Tuesday, November 15, 2011

Compute the minimum or maximum of two integers without branching / operators

Source


On some rare machines where branching is expensive, the below obvious approach to find minimum can be slow as it uses branching.
/* The obvious approach to find minimum (involves branching) */
int min(int x, int y)
{
  return (x < y) ? x : y
}
Below are the methods to get minimum(or maximum) without using branching. Typically, the obvious approach is best, though.
Method 1(Use XOR and comparison operator)
Minimum of x and y will be
y ^ ((x ^ y) & -(x < y))
It works because if x < y, then -(x < y) will be all ones, so r = y ^ (x ^ y) & ~0 = y ^ x ^ y = x. Otherwise, if x >= y, then -(x < y) will be all zeros, so r = y ^ ((x ^ y) & 0) = y. On some machines, evaluating (x < y) as 0 or 1 requires a branch instruction, so there may be no advantage.
To find the maximum, use
x ^ ((x ^ y) & -(x < y));
#include<stdio.h>
 
/*Function to find minimum of x and y*/
int min(int x, int y)
{
  return y ^ ((x ^ y) & -(x < y));
}
 
/*Function to find maximum of x and y*/
int max(int x, int y)
{
  return x ^ ((x ^ y) & -(x < y));
}
 
/* Driver program to test above functions */
int main()
{
  int x = 15;
  int y = 6;
  printf("Minimum of %d and %d is ", x, y);
  printf("%d", min(x, y));
  printf("\nMaximum of %d and %d is ", x, y);
  printf("%d", max(x, y));
  getchar();
}
Method 2(Use subtraction and shift)
If we know that
INT_MIN <= (x - y) <= INT_MAX
, then we can use the following, which are faster because (x - y) only needs to be evaluated once.
Minimum of x and y will be
y + ((x - y) & ((x - y) >>(sizeof(int) * CHAR_BIT - 1)))
This method shifts the subtraction of x and y by 31 (if size of integer is 32).
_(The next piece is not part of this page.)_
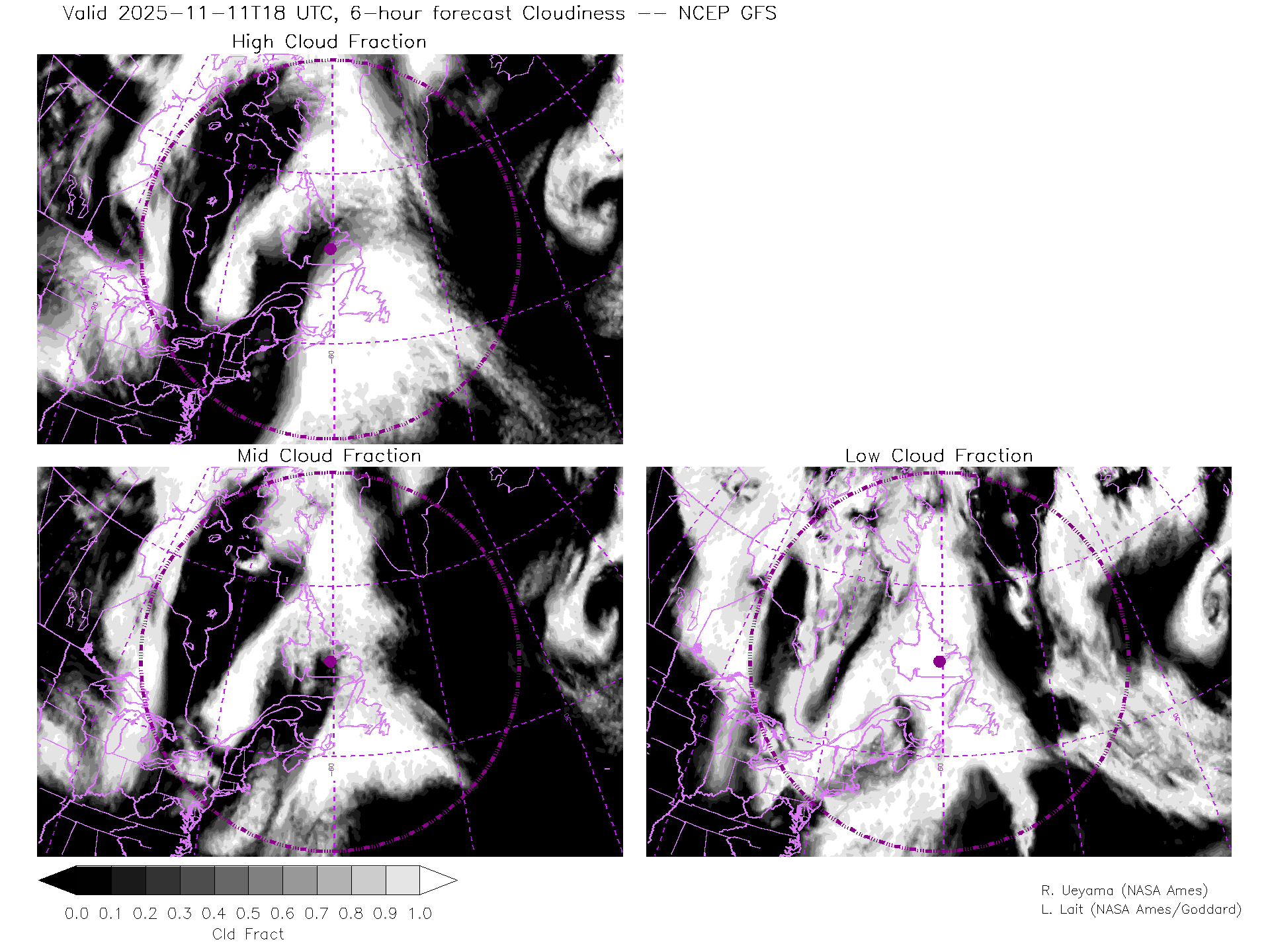 NCEP GFS Forecast Cloud Fraction (High, Mid, Low)

If (x-y) is smaller than 0, then (x -y)>>31 will be 1. If (x-y) is greater than or equal to 0, then (x -y)>>31 will be 0.
So if x >= y, we get minimum as y + (x-y)&0 which is y.
If x < y, we get minimum as y + (x-y)&1 which is x.
Similarly, to find the maximum use
x - ((x - y) & ((x - y) >> (sizeof(int) * CHAR_BIT - 1)))
#include<stdio.h>
#define CHAR_BIT 8
 
/*Function to find minimum of x and y*/
int min(int x, int y)
{
  return  y + ((x - y) & ((x - y) >>
            (sizeof(int) * CHAR_BIT - 1)));
}
 
/*Function to find maximum of x and y*/
int max(int x, int y)
{
  return x - ((x - y) & ((x - y) >>
            (sizeof(int) * CHAR_BIT - 1)));
}
 
/* Driver program to test above functions */
int main()
{
  int x = 15;
  int y = 6;
  printf("Minimum of %d and %d is ", x, y);
  printf("%d", min(x, y));
  printf("\nMaximum of %d and %d is ", x, y);
  printf("%d", max(x, y));
  getchar();
}
Note that the 1989 ANSI C specification doesn't specify the result of signed right-shift, so above method is not portable. If exceptions are thrown on overflows, then the values of x and y should be unsigned or cast to unsigned for the subtractions to avoid unnecessarily throwing an exception, however the right-shift needs a signed operand to produce all one bits when negative, so cast to signed there.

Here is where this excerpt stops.